11. The film laminate as claimed in clause 1, characterized in that said barrier film has a water vapor transmission rate in excess of 800 g / m2 / 24 hours.

12. The film laminate as claimed in clause 11, characterized in that said elastic intermediate nonwoven fabric comprises a polyolefin fiber fabric.

13. The film laminate as claimed in clause 12, characterized in that said elastic intermediate nonwoven fabric comprises a blown fiber fabric with melting.

14. The film laminate as claimed in clause 13, characterized in that said intermediate woven fabric has a basis weight of less than about 3 g / m2.

15. The film laminate as claimed in clause 13, characterized in that said barrier film comprises a microporous film.
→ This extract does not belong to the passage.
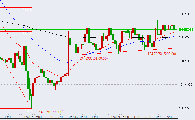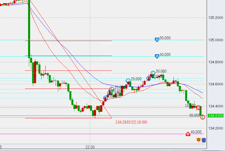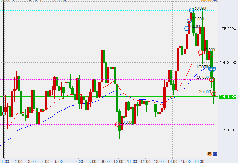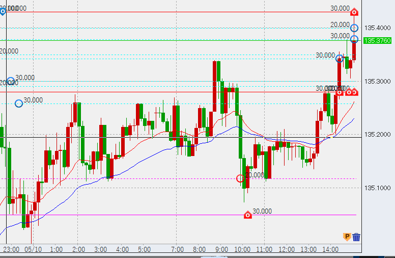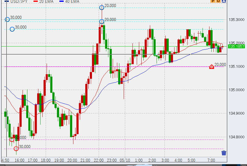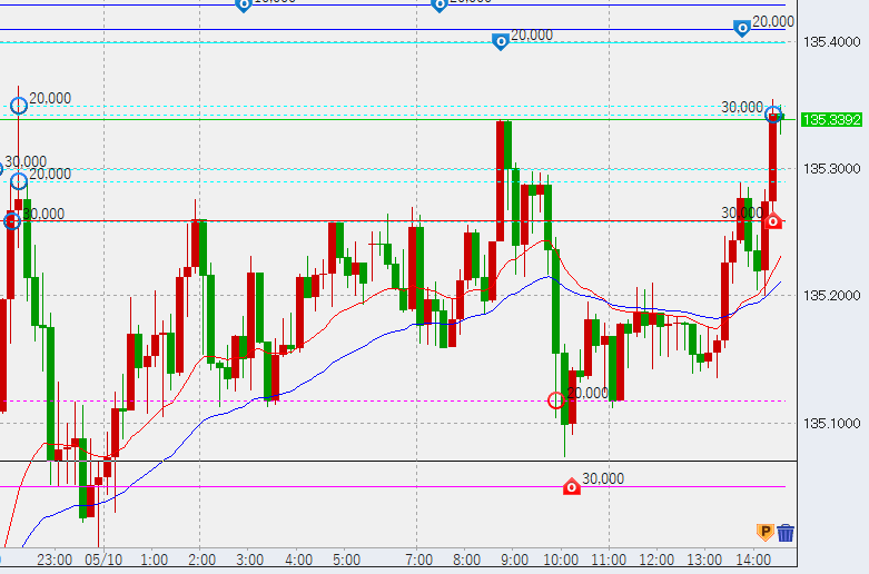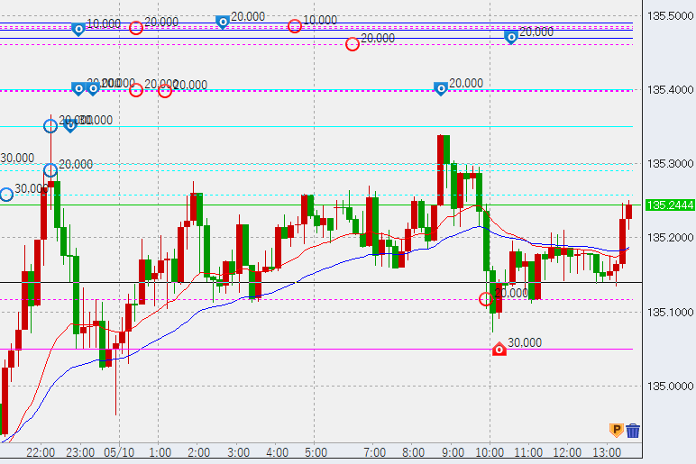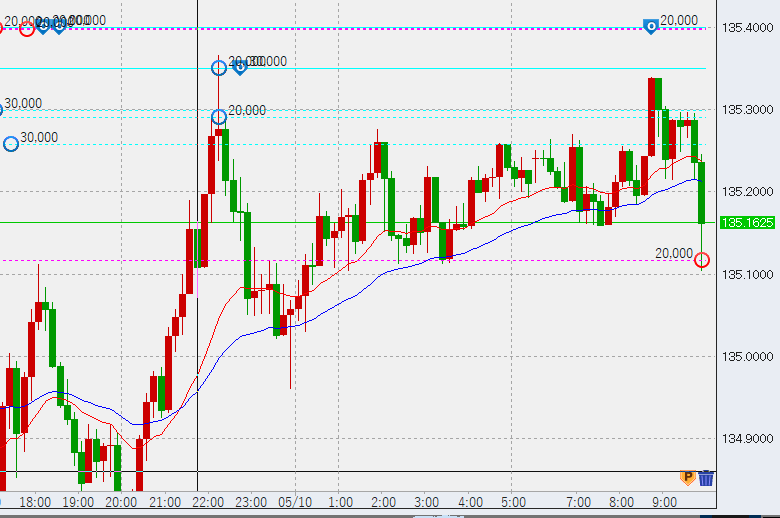 画像は早朝の10分足。高値付近に位置しており、CPI懸念から日中はジリ下げとなる予感です。まずは135.1に2万の追加買い。

16. The film laminate as claimed in clause 15, characterized in that said barrier film comprises a polyolefin polymer, said outer woven layer extendable comprises a polyolefin polymer and wherein said film laminate has a peel strength in Excess of 500 grams.

17. The film laminate as claimed in clause 16, characterized in that said barrier film comprises a polyethylene polymer and a replenishment and further wherein the recesses are located on one side of the filler.

18. The film laminate as claimed in clause 16, characterized in that said barrier film comprises a polypropylene polymer and a replenishment and further wherein the recesses are located on one side of the filler.

19. The film laminate as claimed in clause 16, characterized in that said elastic intermediate woven fabric comprises a polyethylene elastomer having a density of between about 0.86 g / cm 3 about 0.89 g / m 3.

20. The film laminate as claimed in clause 16, characterized in that said elastic intermediate woven fabric comprises a mixture of a polyethylene elastomer having a density of between about 0.8 g / cm3 and 0.89 g / cm3 and a second polyethylene having a density above 0.90 g / cm3. SUMMARY A laminate impervious to elastic liquid having an expandable barrier film is described; an elastomeric non-woven fabric from 8 g / m2 to 100 g / m2 comprising low density polyethylene fiber having a density of less than 0.89 g / cm3; and an outer layer of a stretchable cloth type, such as a non-woven fabric of fibers bonded with yarn. The barrier laminate can be laminated by means of thermal spot bonding to create patterns that have improved fluffiness, excellent feel and at the same time achieve peel strengths in excess of 1000 grams.